We do recognize several limitations of the development process for this outcome instrument. First, this process slightly deviates from the ICF Core Set development guideline, e.g. a focus group was not included in the preparatory phase [7]. Nevertheless, the chosen process provides a solid and systematic base for the selection of the core ICF categories described in this article. Second, a specific trauma patient population was chosen. The rational was to exclude confounding factors and focus on the effect of spinal column injury on health and function in the acute and post-acute phase. Once validated in this specific patient population, the AOSpine PROST will be subjected to further validation in completely paralyzed patients as well. Third, the number of patients included in the pilot study could be debated. We believe this is a sufficient number to explore the most common obstacles experienced by the patients to fill out the AOSpine PROST. Fourth, analyses as test–retest reliability, floor and ceiling effect, or responsiveness were not performed in the pilot study. These analyses will be performed in the next phase in a multicenter validation study including a considerable larger number of patients. Finally, in the development process the Dutch version was freely translated into English to be reviewed by the AOSpine Knowledge Forum Trauma. We believe this is acceptable for this phase of the project. Once a definitive Dutch version is developed and ready to be validated, a careful translation into English will be performed and the linguistic equivalence of both versions will be checked using established guidelines [24].

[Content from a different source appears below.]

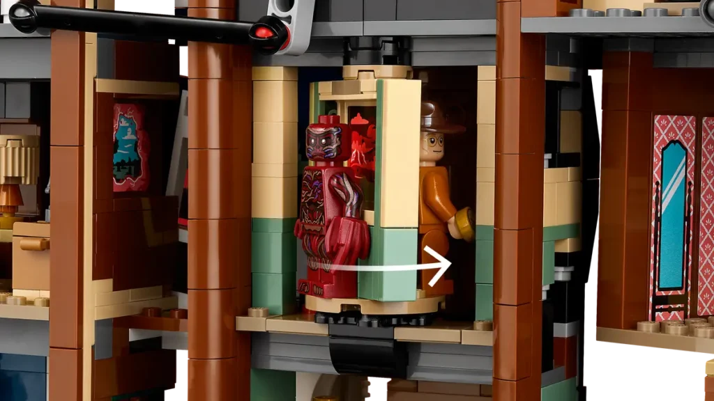 This feature takes the model from a static architectural display to a dynamic scene straight out of Season 4. The interior is accessible via an open back, revealing seven fully furnished spaces that are packed with Easter eggs for the eagle-eyed fan. You can explore the hallway, the dining room, the sitting room, and the chilling upstairs landing.

In conclusion, using the ICF methodology and incorporating the results of four preparatory studies and an international consensus conference, the AOSpine Patient Reported Outcome Spine Trauma (AOSpine PROST) was developed. Taking the results from the subsequent pilot study into account, a definite version will be developed, followed by international multicenter studies to validate both the Dutch and English versions. Once validated, the AOSpine PROST together with the AOSpine CROST have the potential to be useful in the clinics as well as research, to evaluate, compare and establish the effectiveness of interventions in the treatment of spine trauma patients. In this context, the outcomes as assessed by these tools could be related to many clinical characteristics including the type of fractures, the provided treatments and radiological results.